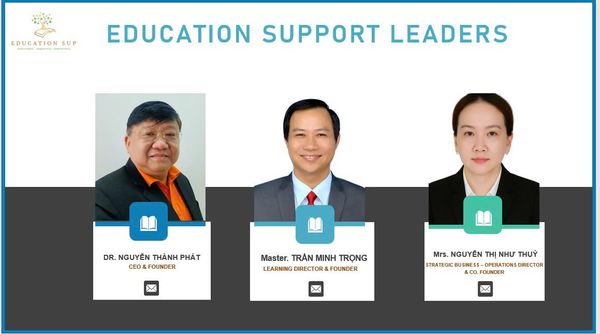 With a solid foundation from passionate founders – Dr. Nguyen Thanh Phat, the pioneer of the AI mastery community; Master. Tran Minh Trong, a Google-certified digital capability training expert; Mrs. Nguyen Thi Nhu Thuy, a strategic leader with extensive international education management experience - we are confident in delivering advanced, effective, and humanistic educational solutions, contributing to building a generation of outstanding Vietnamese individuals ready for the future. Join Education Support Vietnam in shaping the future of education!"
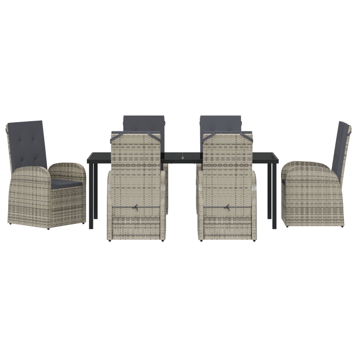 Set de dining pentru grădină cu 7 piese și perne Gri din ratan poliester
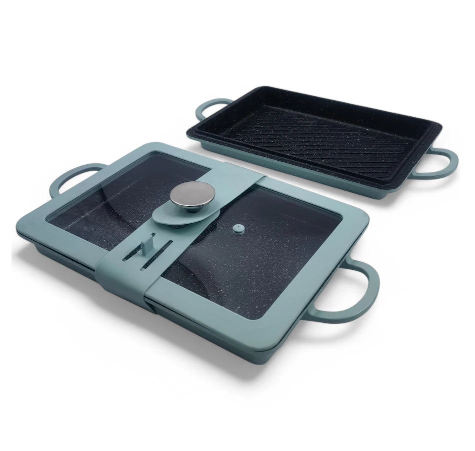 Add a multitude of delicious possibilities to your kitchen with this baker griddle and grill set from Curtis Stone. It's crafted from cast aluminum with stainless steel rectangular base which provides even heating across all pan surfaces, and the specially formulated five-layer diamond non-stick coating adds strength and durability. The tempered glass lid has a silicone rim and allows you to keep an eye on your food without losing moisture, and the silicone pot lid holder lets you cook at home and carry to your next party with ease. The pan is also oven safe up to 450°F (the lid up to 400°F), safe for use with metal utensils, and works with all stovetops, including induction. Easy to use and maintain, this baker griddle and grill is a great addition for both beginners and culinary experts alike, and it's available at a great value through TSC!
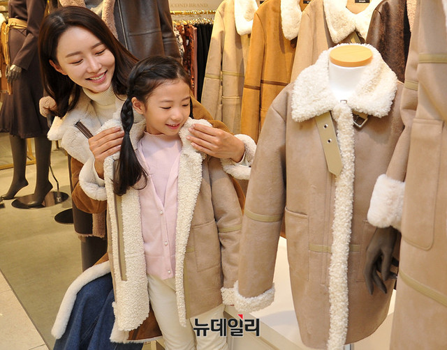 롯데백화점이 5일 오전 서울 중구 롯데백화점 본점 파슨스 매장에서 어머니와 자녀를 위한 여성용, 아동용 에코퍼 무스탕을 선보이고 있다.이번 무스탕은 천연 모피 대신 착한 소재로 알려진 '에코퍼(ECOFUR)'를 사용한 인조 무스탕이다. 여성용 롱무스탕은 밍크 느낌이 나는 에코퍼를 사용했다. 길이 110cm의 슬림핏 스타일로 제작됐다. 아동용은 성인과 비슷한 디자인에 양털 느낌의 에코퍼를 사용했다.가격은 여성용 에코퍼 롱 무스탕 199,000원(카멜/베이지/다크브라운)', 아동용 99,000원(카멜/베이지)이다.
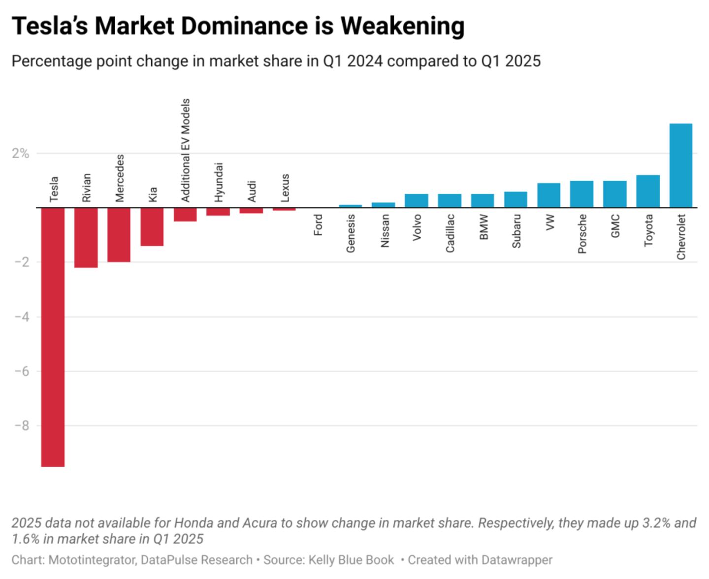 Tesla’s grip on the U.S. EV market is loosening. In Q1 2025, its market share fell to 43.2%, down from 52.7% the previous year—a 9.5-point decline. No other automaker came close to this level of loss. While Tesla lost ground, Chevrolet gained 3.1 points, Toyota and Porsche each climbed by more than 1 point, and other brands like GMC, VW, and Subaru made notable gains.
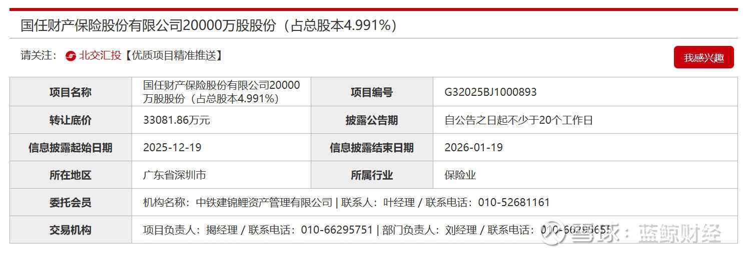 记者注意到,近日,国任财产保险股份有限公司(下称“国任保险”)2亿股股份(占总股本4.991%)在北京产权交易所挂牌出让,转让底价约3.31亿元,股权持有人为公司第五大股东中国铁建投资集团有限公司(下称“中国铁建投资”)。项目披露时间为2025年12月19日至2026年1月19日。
---
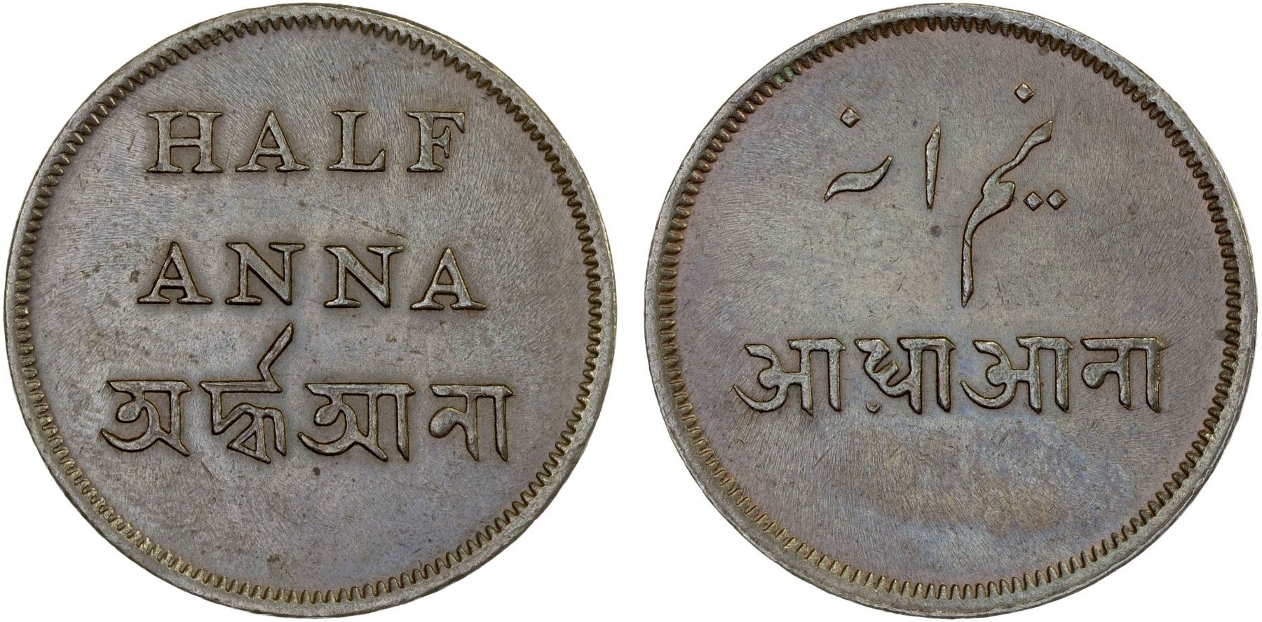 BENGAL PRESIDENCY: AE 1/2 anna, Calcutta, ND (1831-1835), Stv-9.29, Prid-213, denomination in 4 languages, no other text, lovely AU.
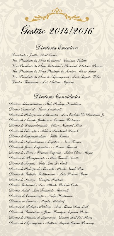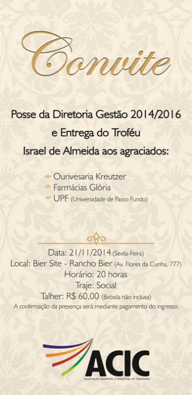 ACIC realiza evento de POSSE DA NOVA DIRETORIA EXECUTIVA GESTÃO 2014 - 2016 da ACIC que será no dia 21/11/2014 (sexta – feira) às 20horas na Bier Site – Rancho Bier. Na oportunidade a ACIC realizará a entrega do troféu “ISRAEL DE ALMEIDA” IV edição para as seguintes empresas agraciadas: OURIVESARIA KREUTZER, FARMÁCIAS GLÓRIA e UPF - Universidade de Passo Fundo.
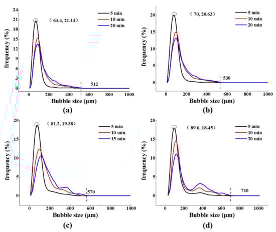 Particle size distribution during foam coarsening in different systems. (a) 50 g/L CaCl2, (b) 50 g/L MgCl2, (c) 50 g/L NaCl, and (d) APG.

#### PROBLEM
Look back at the data above, then output exactly the lines from the line holding "Add a multitude" up to and including the line holding "记者注意到,近日,国任财产保". Leave out the pictures.

#### TASK ANSWER
 Add a multitude of delicious possibilities to your kitchen with this baker griddle and grill set from Curtis Stone. It's crafted from cast aluminum with stainless steel rectangular base which provides even heating across all pan surfaces, and the specially formulated five-layer diamond non-stick coating adds strength and durability. The tempered glass lid has a silicone rim and allows you to keep an eye on your food without losing moisture, and the silicone pot lid holder lets you cook at home and carry to your next party with ease. The pan is also oven safe up to 450°F (the lid up to 400°F), safe for use with metal utensils, and works with all stovetops, including induction. Easy to use and maintain, this baker griddle and grill is a great addition for both beginners and culinary experts alike, and it's available at a great value through TSC!
 롯데백화점이 5일 오전 서울 중구 롯데백화점 본점 파슨스 매장에서 어머니와 자녀를 위한 여성용, 아동용 에코퍼 무스탕을 선보이고 있다.이번 무스탕은 천연 모피 대신 착한 소재로 알려진 '에코퍼(ECOFUR)'를 사용한 인조 무스탕이다. 여성용 롱무스탕은 밍크 느낌이 나는 에코퍼를 사용했다. 길이 110cm의 슬림핏 스타일로 제작됐다. 아동용은 성인과 비슷한 디자인에 양털 느낌의 에코퍼를 사용했다.가격은 여성용 에코퍼 롱 무스탕 199,000원(카멜/베이지/다크브라운)', 아동용 99,000원(카멜/베이지)이다.
 Tesla’s grip on the U.S. EV market is loosening. In Q1 2025, its market share fell to 43.2%, down from 52.7% the previous year—a 9.5-point decline. No other automaker came close to this level of loss. While Tesla lost ground, Chevrolet gained 3.1 points, Toyota and Porsche each climbed by more than 1 point, and other brands like GMC, VW, and Subaru made notable gains.
 记者注意到,近日,国任财产保险股份有限公司(下称“国任保险”)2亿股股份(占总股本4.991%)在北京产权交易所挂牌出让,转让底价约3.31亿元,股权持有人为公司第五大股东中国铁建投资集团有限公司(下称“中国铁建投资”)。项目披露时间为2025年12月19日至2026年1月19日。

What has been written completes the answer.